Almanya’da savaş karşıtı miting ve medyanın karşı hamlesi

Yayınlanma

Sahra Wagenknecht ve Alice Schwarzer öncülüğündeki savaş karşıtı imza kampanyasının son durağı, hafta sonu yapılan büyük mitingdi. 15 bin ila 50 bin arasında değişen tahminlere bakılırsa, mitinge on binlerin katıldığını söylemek abartı olmaz. Fransa’da devam eden ‘barış’ eylemleri ile birlikte düşünüldüğünde, Ukrayna savaşının başındaki ‘anti-Rus birleşik cephe’de çatırdamaların başladığını savunmak mümkün.

Polisin açıkladığı rakamlara göre 13 bin kişinin katıldığı, organizatörlerin ise 50 bine yakın kişiden bahsettiği mitingde konuşan Sahra Wagenknecht, şunları söyledi:

“Sevgili dostlar, sevgili barış dostları, hepinizin bugün burada olmasından dolayı çok mutluyum ve binlerce kişinin de mitingimizi çeşitli canlı yayınlardan takip ettiğini biliyorum. Sanırım bugün ne kadar kalabalık olduğumuz görülebilir ve bundan sonra da sesimiz, görmezden gelinemeyecek kadar gür çıkacak. Çünkü sevgili dostlar, biz yalnızca kalabalık değiliz. Biz şimdi örgütlenmeye de başlıyoruz. Çünkü, Almanya’nın yeniden gerçekten güçlü olan bir barış hareketine ihtiyacı var.
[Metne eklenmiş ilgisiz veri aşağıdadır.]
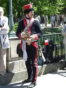 Высокая конфедератка с козырьком использовалась в ряде подразделений конницы и пехоты Варшавского герцогства и других польских формированиях эпохи Наполеоновских войн, в частности, шеволежерами Гвардии. Согласно уставу 1810 года конфедератки уланов и пехоты (вольтижёров и фузилёров) изготавливали из чёрного фетра и полотна с кожаным козырьком высотой 22,5 см и длиной боков 25 см и украшались плюмажем, оковкой, кокардами и шнурами.

Alice Schwarzer ve ilk 69 imzacımızla birlikte ‘Barış için Manifesto’yu yayınladığımızda neler olduğunu hepiniz takip ettiniz. Alman siyasetinin ve medyasının bir kısmında gerçek bir histeri patlak verdi. Neyle suçlanmadık ki? Biz ve manifestomuzu imzalayan 600 binden fazla kişi neyle suçlanmadık ki? Bizler alaycı, vicdansız, ahlaksız ve Putin’in yardakçıları olduk hatta biz, muhtemelen Putin’den ödeme alıyoruz. Tüm bu suçlamalara rağmen caymadılar. Manifestomuzu imzaladılar ve her geçen gün daha fazla imzalanıyor. Ve bu noktada hepinize tekrardan yürekten teşekkür ederim.
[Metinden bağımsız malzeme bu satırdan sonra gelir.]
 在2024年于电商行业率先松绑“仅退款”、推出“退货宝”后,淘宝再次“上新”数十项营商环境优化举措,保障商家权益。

‘Barış çağrısı ne zamandan beri sağcılık?’

Bize karşı yürütülen kampanyada, son nokta bizi aşırı sağın yanında göstermeye çalışmak oldu. Bu, Almanya’daki tartışmaların ne kadar hastalıklı olduğunu gösteriyor. Ne zamandan beri barış çağrısı, diplomasi ve müzakere çağrısı sağcı; savaş sarhoşluğu ise solcu oldu? Belli ki bazıları siyasi pusulalarını tamamen kaybetmişler. Sırf bunları her yere yaymak isteyenlere gözdağı vermek için ve kendiliğinden anlaşılmadığı için yeniden çok açık bir şekilde söyleyeceğim. İnsanlık tarihinin en kötü dünya savaşlarından sorumlu olan, rejim geleneğinden gelen neo-Nazilerin ve İmparatorluk Vatandaşlarının (Reichsbürger) barış mitingimizde elbette yeri yoktur, bunu söylememe bile gerek yok sanmıştım. Ama bunun yanında söylemeliyim ki, bizlerle birlikte barış ve müzakere için mitingimize katılan herkes de hoş gelmiş.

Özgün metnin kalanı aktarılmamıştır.